Scourging is whipping a person with a scourge, a type of multi-lailed whip. Scourging, typically on a person's back, was used in judicial and religious corporal punishment contexts.

Examples

Ancient Greece and Rome

The priests of Cybele scourged themselves and others, and such stripes were considered sacred.

Scourging was the first step in the traditional Ancient Rome punishment for parricide.

In the Bible

In the Old Testament, to be "examined under scourging" (Acts 22:24) referred to an investigation which began with the beating of the prisoner. Another word describes the "whip of cords" with which Jesus cleansed the Temple (John 2:15). Scourging also played a famous role as the punishment inflicted during the Passion of Christ before crucifixion, disabling him from carrying his cross to Golgotha.

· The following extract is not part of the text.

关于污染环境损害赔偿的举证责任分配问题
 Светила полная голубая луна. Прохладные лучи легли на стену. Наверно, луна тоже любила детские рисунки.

In Christian religious contexts

Flagellants scourging themselves, 15th century woodcut.

Scourging was soon adopted as a sanction in the monastic discipline of the fifth and following centuries. Early in the fifth century it is mentioned by Palladius of Galatia in the Historia Lausiaca, and Socrates Scholasticus tells us that, instead of being excommunicated, offending young monks were scourged. (See the sixth-century rules of St. Cæsarius of Arles for nuns, and of St. Aurelian of Arles.) Thenceforth scourging is frequently mentioned in monastic rules and councils as a preservative of discipline. Its use as a punishment was general in the seventh century in all monasteries of the severe Columban rule.

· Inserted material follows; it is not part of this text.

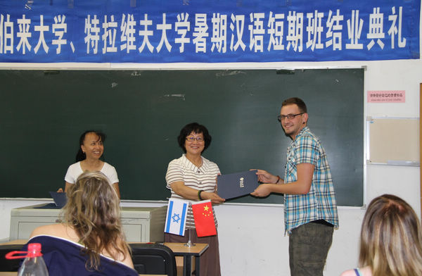 结业典礼上,吉林大学国际语言学院副院长刘富华教授为全体学员颁发了结业证书并致辞,刘富华在致辞中高度赞扬了全体学员认真刻苦的学习精神,对学员们在汉语方面取得的进步给予了充分肯定,并希望他们以后继续努力,为中以两国的友好不断努力。希伯来大学和特拉维夫大学领队林倩老师用了八个感谢表达了她对吉林大学的深深感激,她说“感谢吉林大学,感谢国际语言学院,感谢刘富华副院长,感谢五位任课老师,感谢两位助教老师,感谢国际合作与交流处,感谢国际语言学院办公室,感谢所有人给她们提供的方方面面的照顾和帮助”,并希望双方进一步加强合作。学员安东代表希伯来大学表达了希伯来大学对吉林大学的情意,并表示以后一定会努力学习汉语,为中以友好贡献自己的力量。最后学员们用他们自谱自写的歌曲表达了他们对吉林大学的深情厚谊,歌中唱到“我们来到了中国,什么都不明白。听了太多的生词,我学不过来。到了教室的时候,别提多紧张了,…………六个星期以后,我们什么都明白。看中文电影字幕,我们都明白。多亏你的帮助,很聪明的老师。我们感谢你的带路,祝你们快乐。……”充满深情的歌声将结业典礼推向高潮。

Canon law (Decree of Gratian, Decretals of Gregory IX) recognized it as a punishment for ecclesiastics; even as late as the sixteenth and seventeenth centuries, it appears in ecclesiastical legislation as a punishment for blasphemy, concubinage and simony. Though doubtless at an early date a private means of penance and mortification, such use is publicly exemplified in the tenth and eleventh centuries by the lives of St. Dominic Loricatus and St. Peter Damian (died 1072). The latter wrote a special treatise in praise of self-flagellation; though blamed by some contemporaries for excess of zeal, his example and the high esteem in which he was held did much to popularize the voluntary use of the scourge or "discipline" as a means of mortification and penance. Thenceforth it is met with in most medieval religious orders and associations.

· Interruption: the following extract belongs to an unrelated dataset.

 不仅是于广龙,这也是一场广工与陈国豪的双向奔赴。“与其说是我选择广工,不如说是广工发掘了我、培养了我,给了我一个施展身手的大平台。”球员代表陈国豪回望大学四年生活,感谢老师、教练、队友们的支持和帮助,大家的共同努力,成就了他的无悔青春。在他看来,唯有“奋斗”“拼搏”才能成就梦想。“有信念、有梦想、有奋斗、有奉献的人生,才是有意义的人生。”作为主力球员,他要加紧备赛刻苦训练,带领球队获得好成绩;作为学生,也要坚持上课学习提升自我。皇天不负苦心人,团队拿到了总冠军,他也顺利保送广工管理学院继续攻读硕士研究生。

The practice was, of course, capable of abuse, and so arose in the thirteenth century the fanatical sect of the Flagellants, though in the same period we meet with the private use of the "discipline" by such saintly persons as King Louis IX of France and Elisabeth of Hungary.

Metaphoric use

Semi-literal usages such as "the scourge of God" for Attila the Hun (i.e. "God's whip to punish the nations with") led to metaphoric uses to mean a severe affliction, e.g. "the scourge of drug abuse". As a result, some people forget its literal meaning and seem to imagine a connection with "scour" -to clean something by scrubbing it vigorously.

Sources, references and notes

  • 1911 Encyclopædia Britannica
  • Catholic Encyclopaedia
  • H. H. Mallinckrodt, Latijn-Nederlands woordenboek (Latin-Dutch dictionary)
More information is available at [ Wikipedia:Scourging ]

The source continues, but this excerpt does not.